A Sunday post on his page said the following: Never in my life would I have ever imagined that talking to my wife while doing my job would cause so much trouble. #RespectTheShooter
The OHSAA didn’t have to make any kind of statement once Madison chose not to pursue legal action. Wheelersburg, which defeated the Mohawks 15-10 in last year’s state semifinals, will play Johnstown-Monroe in the Final Four on Saturday.
“It seems like every time we run into Wheelersburg, it’s something else shady,” Poff said. “We know that they had more than one person wearing Wheelersburg passes and clothing on our sideline. We know for a fact that Derrick Mosley had a microphone in his sleeve and earbuds in his ears.
“When he was on our side, he had a camera in his hands. All the pictures we have where he’s on the other side, he’s just watching the game. He doesn’t have a camera in his hand at all, and he’s supposed to be the videographer and all that for Wheelersburg. It’s kind of odd that their head coach said, ‘We don’t even know who that is.’ ”
Poff said getting Madison back into the playoffs would’ve been the ultimate justice, but he knew that was a long shot.

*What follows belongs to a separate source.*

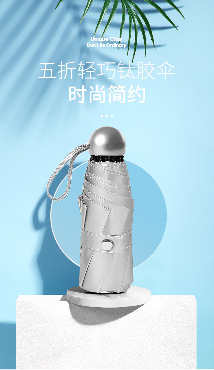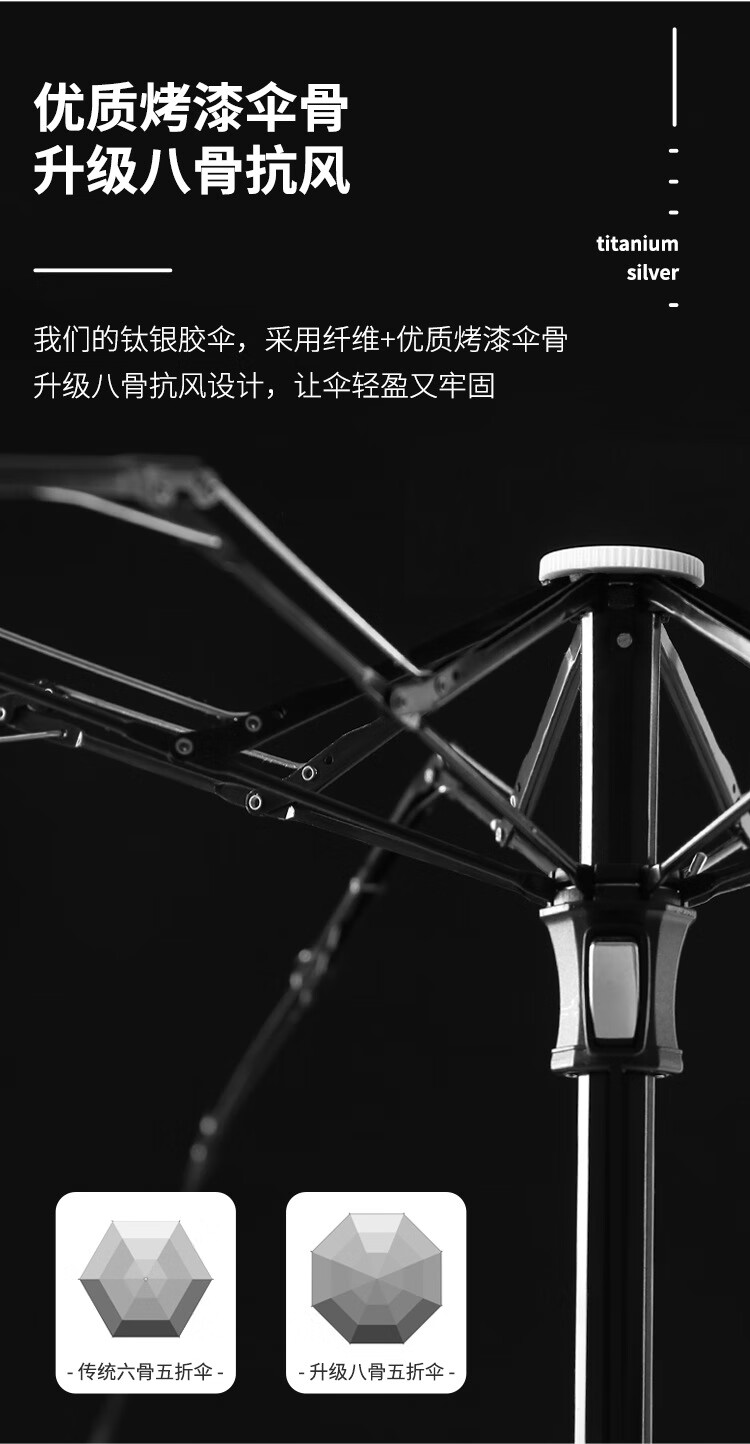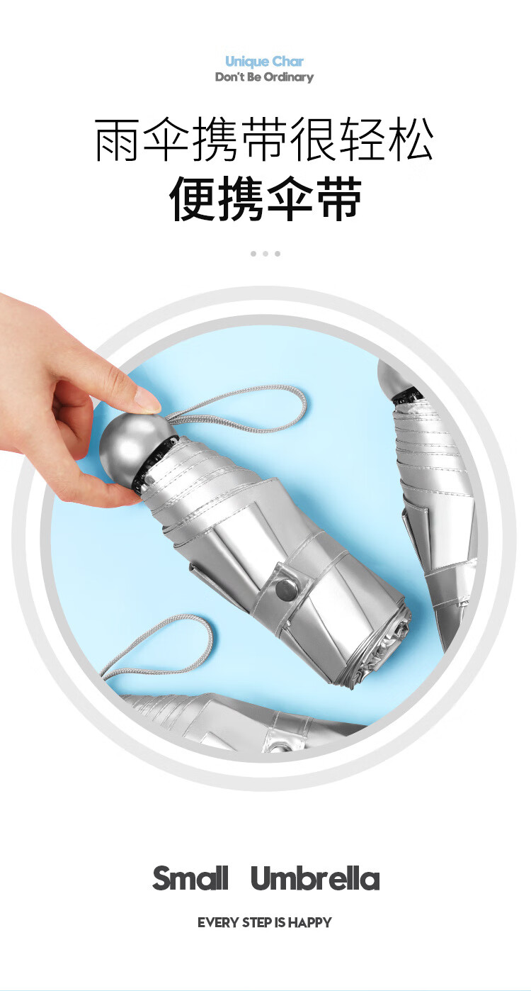 恋云【优选好物】新款钛银胶八股五折伞加大防晒折叠迷你两用雨伞 手动uv藏青(三折8骨) 21寸*8骨

“The whole thing is just entirely too shady,” Poff said. “The whole trip up there, the whole experience, seemed to be a little off. Wheelersburg guys coming over to get our balls to have them checked by the referees … when does that ever happen? Well, it happened. Our coaches wouldn’t give the balls to them, but who does that?
“You hear all this about doing things right and teaching these kids to be leaders and respecting the game. I see a group of people that’s doing anything to win.”
Tuttle-Huff said if Mosley was really just doing video work, he should’ve been wearing a green media pass instead of the pink Wheelersburg team-staff pass.
“I went as far as I can go to try to vindicate our boys and it didn’t happen. I apologize to our community,” Tuttle-Huff said. “It’s very disheartening.”
The Mohawks finished 12-1 and will lose a much-heralded 18-player senior class to graduation. But Poff said Madison fans should expect more success in the future.
“What do you consider a step back?” Poff said. “Are you ever going to replace that defensive line or Caleb Bolen and those other seniors on the offensive line? Probably not, but somebody will play. Somebody will get in there and learn how to play fast. There’s tons and tons of talent on this team that people don’t know about. They just don’t know their names yet.”
As for the game itself, Poff said he fully expected Madison to fight back and win after trailing 24-6 at halftime. The Mohawks were penalized 13 times for 140 yards and ended the game about 5 yards from the WHS end zone.
“I thought our kids played with an incredible amount of heart,” Poff said. “We made our mistakes during the game and that’s going to happen, but I feel like they played good enough to win. I feel like they played like champions and represented themselves like champions before and after the game.
“I wish the whole situation wasn’t overshadowed by outside influences, but that’s what we’re dealing with. I want my kids to know we love them. It was an incredible season.”